_PROVIDED INFORMATION_
[Start of section]
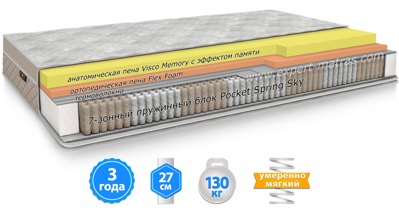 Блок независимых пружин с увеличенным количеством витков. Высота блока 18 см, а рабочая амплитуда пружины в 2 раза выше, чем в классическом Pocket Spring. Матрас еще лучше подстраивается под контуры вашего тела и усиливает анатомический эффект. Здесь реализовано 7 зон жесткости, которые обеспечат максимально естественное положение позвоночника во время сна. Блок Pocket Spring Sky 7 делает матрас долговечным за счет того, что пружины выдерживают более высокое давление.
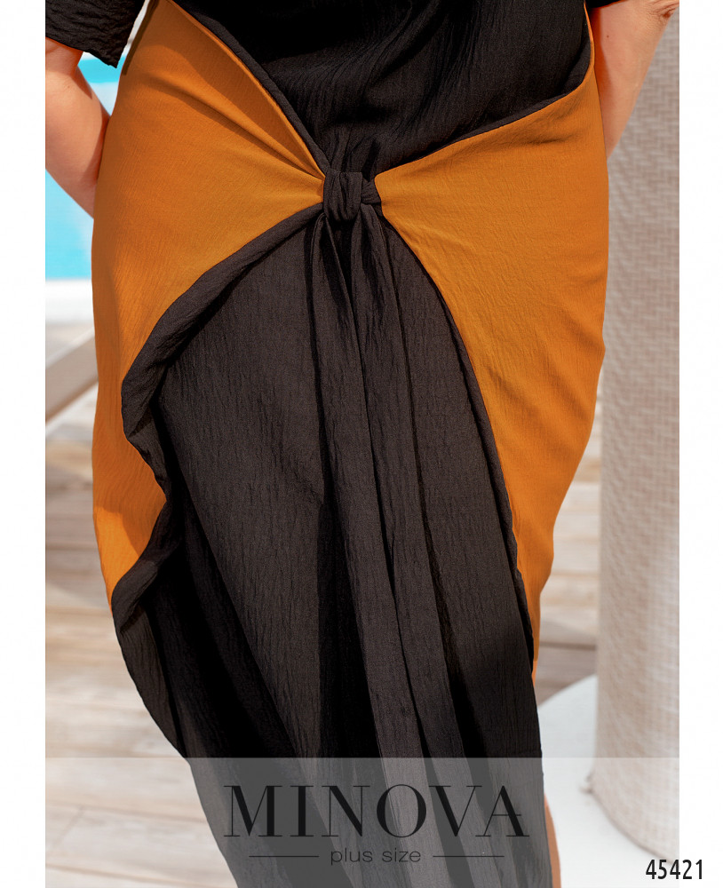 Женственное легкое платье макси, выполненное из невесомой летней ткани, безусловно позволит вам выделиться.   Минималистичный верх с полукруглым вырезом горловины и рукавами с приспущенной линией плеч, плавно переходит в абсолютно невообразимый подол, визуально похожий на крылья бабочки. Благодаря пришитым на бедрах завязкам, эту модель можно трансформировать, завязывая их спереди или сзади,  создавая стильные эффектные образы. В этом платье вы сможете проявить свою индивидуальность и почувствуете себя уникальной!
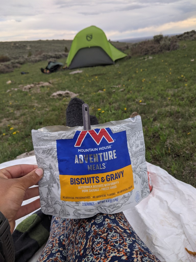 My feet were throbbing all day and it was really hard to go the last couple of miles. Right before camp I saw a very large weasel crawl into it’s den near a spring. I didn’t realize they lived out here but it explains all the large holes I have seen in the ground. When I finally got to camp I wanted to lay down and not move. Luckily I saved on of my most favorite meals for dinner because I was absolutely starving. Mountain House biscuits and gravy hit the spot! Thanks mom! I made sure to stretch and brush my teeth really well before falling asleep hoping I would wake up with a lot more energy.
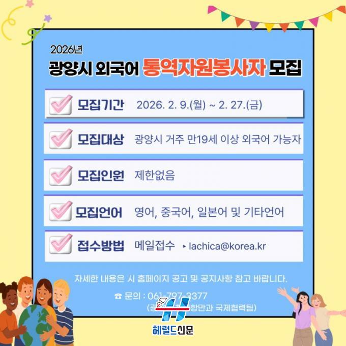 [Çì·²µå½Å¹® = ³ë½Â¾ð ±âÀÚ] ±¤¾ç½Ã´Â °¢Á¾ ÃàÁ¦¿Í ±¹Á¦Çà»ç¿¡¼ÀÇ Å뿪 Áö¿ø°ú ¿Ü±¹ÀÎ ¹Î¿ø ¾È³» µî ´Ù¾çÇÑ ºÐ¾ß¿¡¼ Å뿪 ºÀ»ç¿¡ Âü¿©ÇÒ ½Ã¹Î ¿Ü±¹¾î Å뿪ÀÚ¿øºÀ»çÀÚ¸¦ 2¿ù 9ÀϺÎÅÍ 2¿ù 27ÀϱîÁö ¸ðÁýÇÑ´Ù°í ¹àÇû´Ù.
[End of section]
[Start of section]
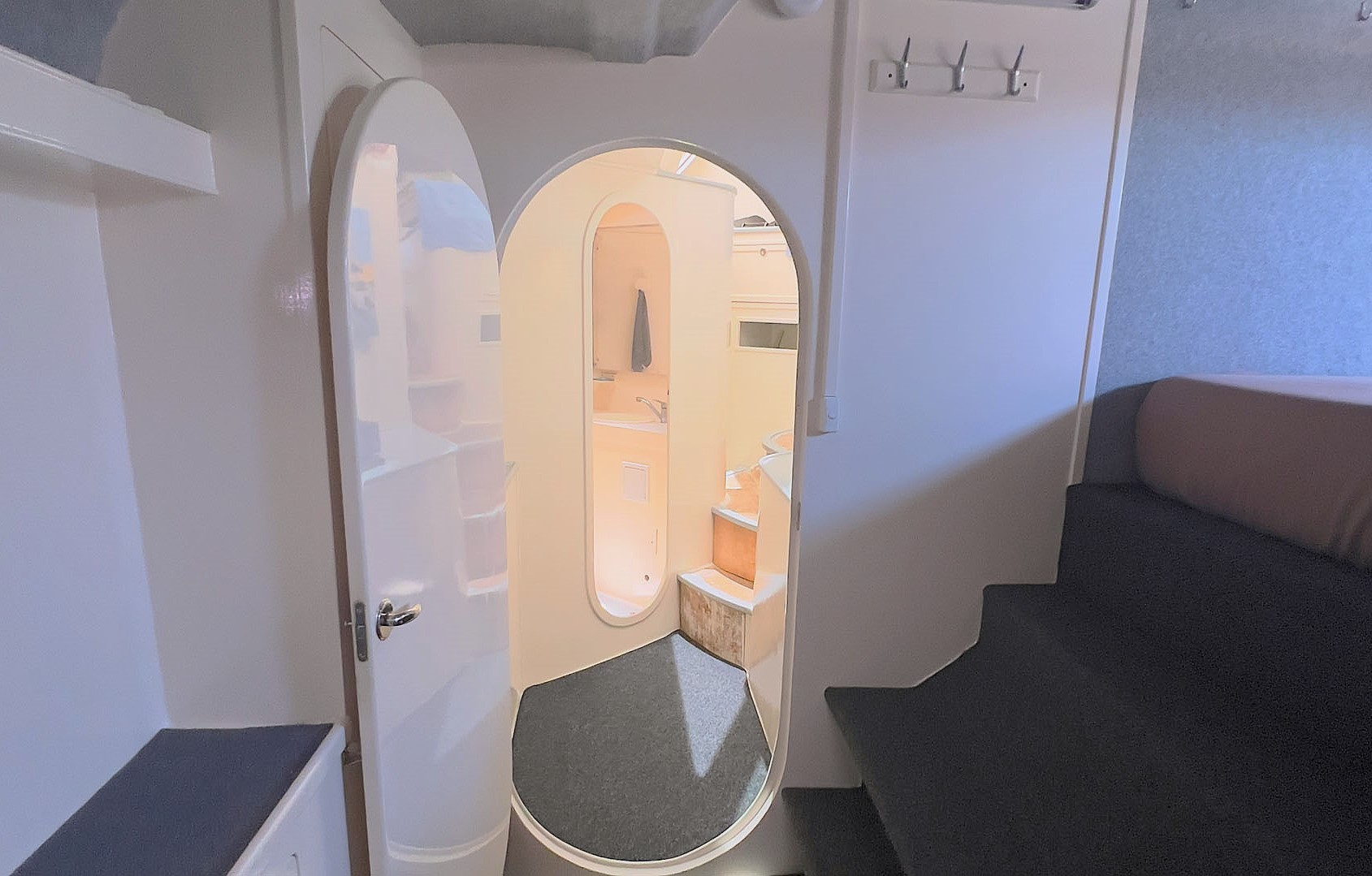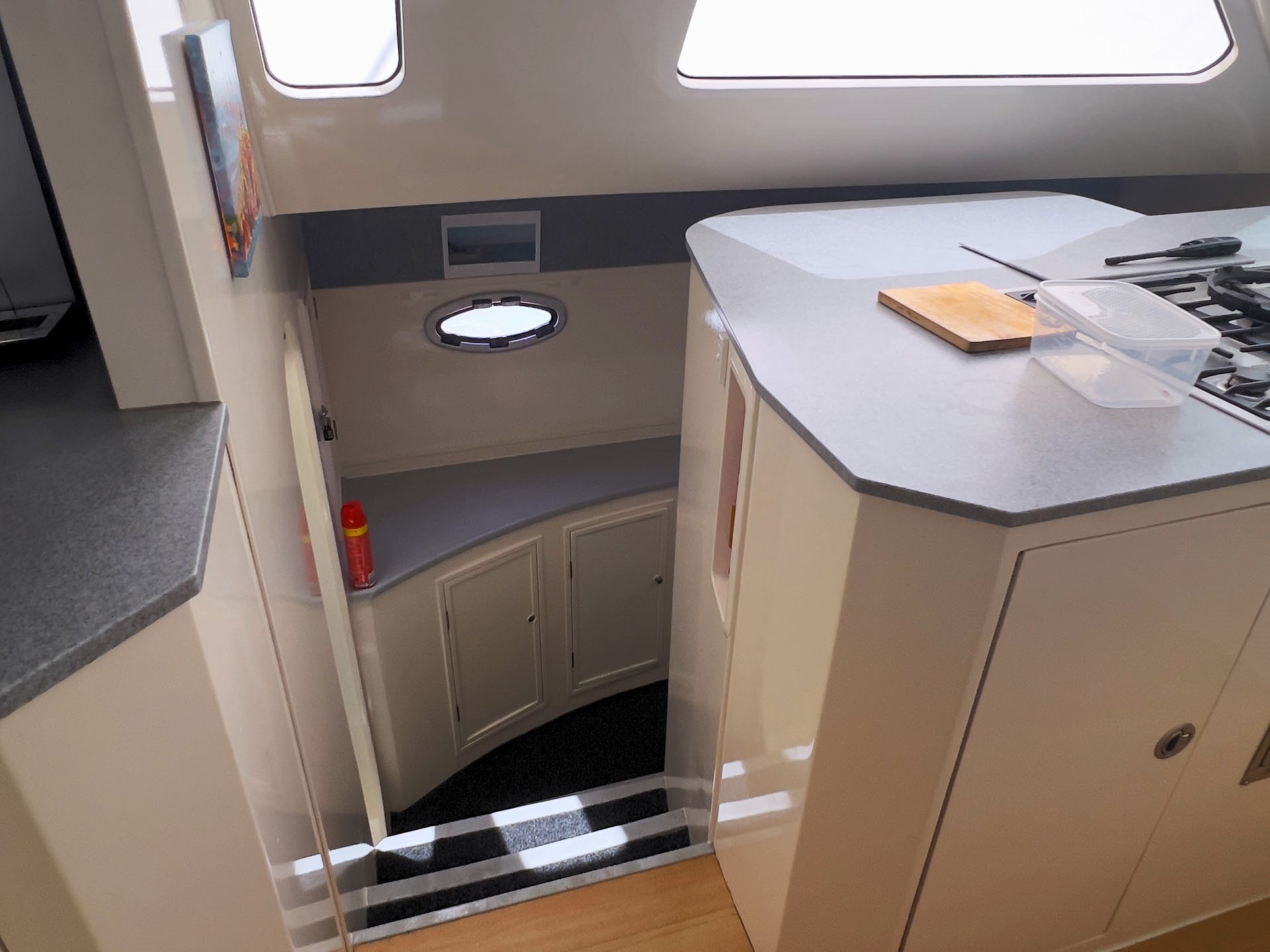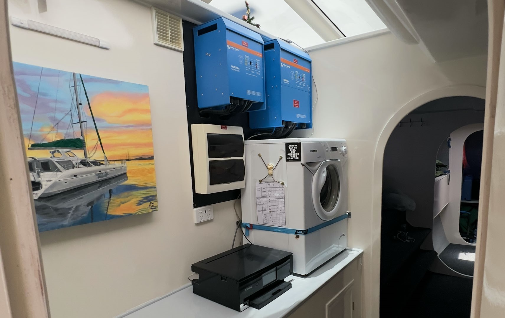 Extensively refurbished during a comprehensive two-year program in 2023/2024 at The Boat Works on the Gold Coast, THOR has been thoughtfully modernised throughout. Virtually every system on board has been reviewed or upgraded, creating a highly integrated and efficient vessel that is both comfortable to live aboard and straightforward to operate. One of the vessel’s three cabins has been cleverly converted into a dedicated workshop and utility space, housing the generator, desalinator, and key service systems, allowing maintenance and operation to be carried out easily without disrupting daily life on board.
[End of section]
_WHAT YOU ARE ASKED TO DO_
What is wanted is an exact copy of the lines above from the one containing "My feet were" through the one containing "[Çì·²µå½Å¹® = ³ë½Â¾ð", with no pictures in it.

_SOLUTION BELOW_
 My feet were throbbing all day and it was really hard to go the last couple of miles. Right before camp I saw a very large weasel crawl into it’s den near a spring. I didn’t realize they lived out here but it explains all the large holes I have seen in the ground. When I finally got to camp I wanted to lay down and not move. Luckily I saved on of my most favorite meals for dinner because I was absolutely starving. Mountain House biscuits and gravy hit the spot! Thanks mom! I made sure to stretch and brush my teeth really well before falling asleep hoping I would wake up with a lot more energy.
 [Çì·²µå½Å¹® = ³ë½Â¾ð ±âÀÚ] ±¤¾ç½Ã´Â °¢Á¾ ÃàÁ¦¿Í ±¹Á¦Çà»ç¿¡¼ÀÇ Å뿪 Áö¿ø°ú ¿Ü±¹ÀÎ ¹Î¿ø ¾È³» µî ´Ù¾çÇÑ ºÐ¾ß¿¡¼ Å뿪 ºÀ»ç¿¡ Âü¿©ÇÒ ½Ã¹Î ¿Ü±¹¾î Å뿪ÀÚ¿øºÀ»çÀÚ¸¦ 2¿ù 9ÀϺÎÅÍ 2¿ù 27ÀϱîÁö ¸ðÁýÇÑ´Ù°í ¹àÇû´Ù.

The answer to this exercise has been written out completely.